British designer
T.H. Robsjohn-Gibbings
Terence Harold Robsjohn-Gibbings is a British-born architect, decorator, furniture designer, tastemaker, and thinker whose innovative ideas on interior design during the postwar era have a formative impact on American domestic culture.
Robsjohn-Gibbings studies architecture at London University. He afterwards works briefly as a naval architect, designing ocean liner interiors, and then as art director for a motion picture studio. In 1926, he becomes a salesman for an antiques dealer who specializes in Elizabethan and Jacobean furniture, and Robsjohn-Gibbings is assigned prominent accounts such as Elizabeth Arden and Neiman Marcus.

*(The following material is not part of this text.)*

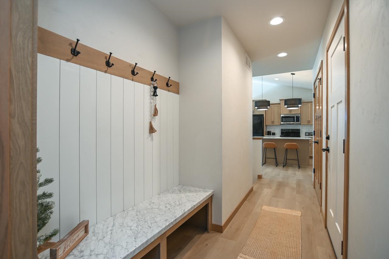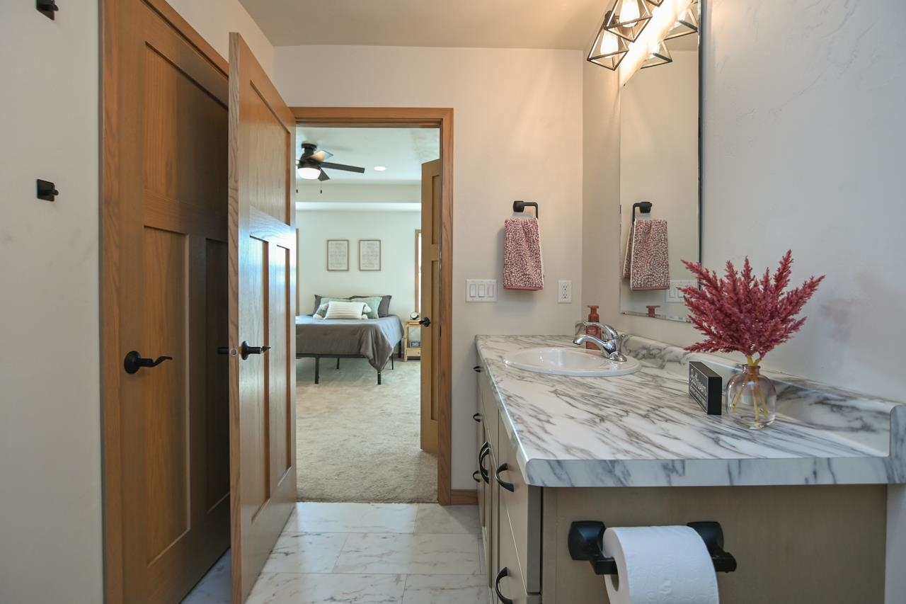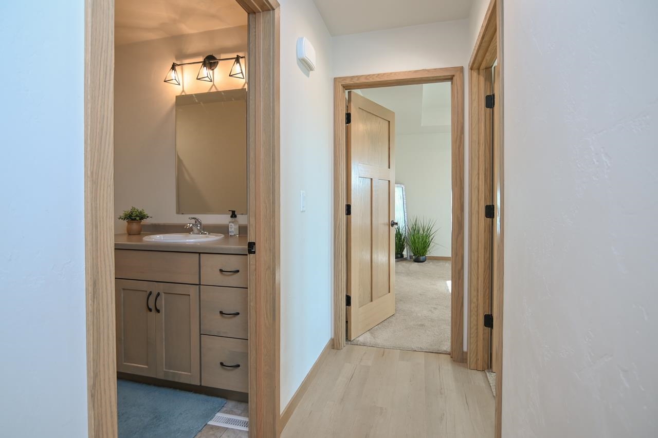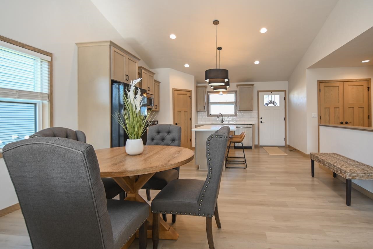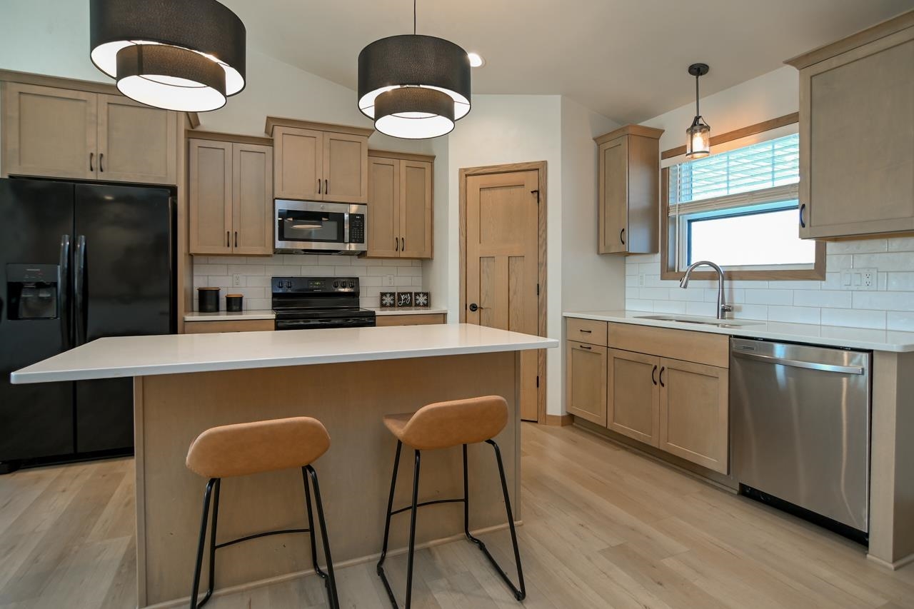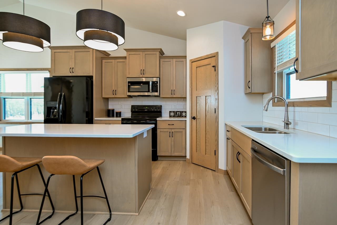 Stunning zero entry ranch home w/ zero lot line situated on a generous sized lot, backing up to a pond & walking trails. Open concept layout w/ cathedral ceilings & cozy built-in fireplace. Gourmet kitchen w/center island, granite countertops, walk-in pantry & appliance pkg. Primary bedroom suite w/tray ceiling, WIC & private full bath. Add'l bedroom plus 2nd full bath is down the hall. Drop all area & FF laundry complete main floor. Full LL w/daylight windows make the spacious rec room & 3rd bedroom light, bright & airy. Unfinished area for storage, stubbed for 3rd bath. 2 car attached garage w/ openers. Relax on the deck as you enjoy a little peace & quiet w/ no neighbors behind you. Edge of town location w/ hwy access for easy commute. Schedule your showing today! 48 hr BA requested.
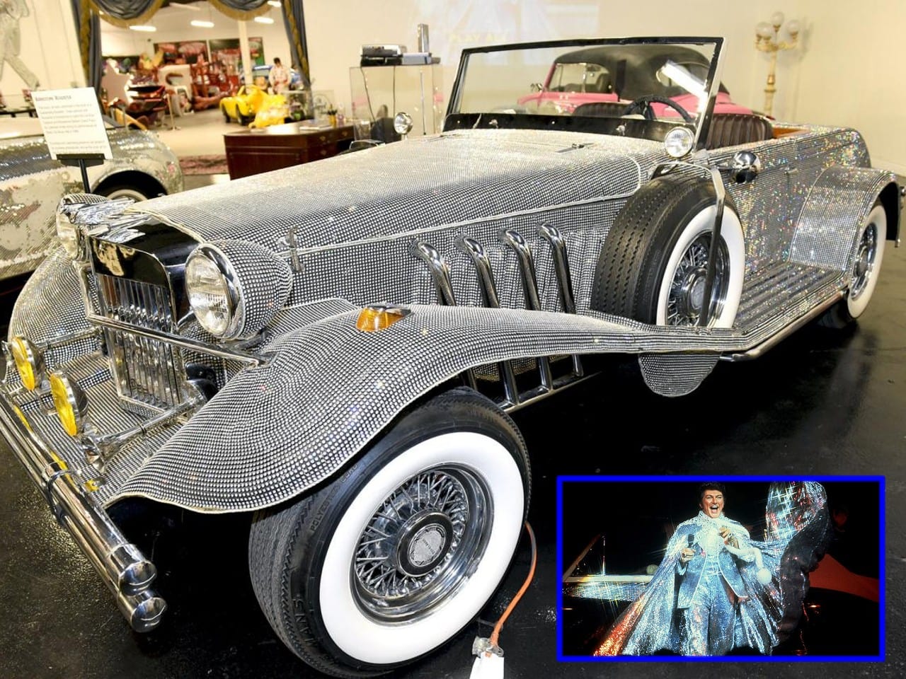 Les années ’70 furent prolifiques en folies, on se souviendra du groupe ABBA et de leurs accoutrements bizarres et de très mauvais goût qui étaient alors une constante dans les groupes “Pop” et “Disco”, aux USA, dans cette mouvance, le pianiste-chanteur Liberace était davantage connu pour ses excentricités que pour ses chansons… La Kanzler dont il va être question plus loin dans cet article, représente l’époque “Disco-Pop” de l’automobile, dans la mouvance des Clénet, Gatsby (eh oui… il faut assumer, j’y reviendrai plus tard) et autres “néo-classiques“, c’est donc “normal” que Liberace a acheté une Kanzler en 1979 et s’en est servi quotidiennement. Liberace, né le 16 mai 1919, gagnait des montagnes d’or et était un “avide” collectionneur d’objets étranges et clinquants.

Through books, articles, lectures, interior décor, and industrial design, he advanced a singular outlook on the modern home, rooted in Greco-Roman sensibilities, classical principles, and early US-American domestic culture. In the emergence of middleclass US-American style during the formative years of modernism Robsjohn-Gibbings has a significant role in steering popular taste away from Art Moderne and the fashion of collecting European antiques and reproductions toward a genuine US-American modernism. A progressive thinker, he challenged international modernism and the postwar organic language through a scholarly understanding of ancient Greco-Roman furniture and a thorough study of US-American material culture.
His honors include the 1950 Waters Award and the 1962 Elsie de Wolfe Award.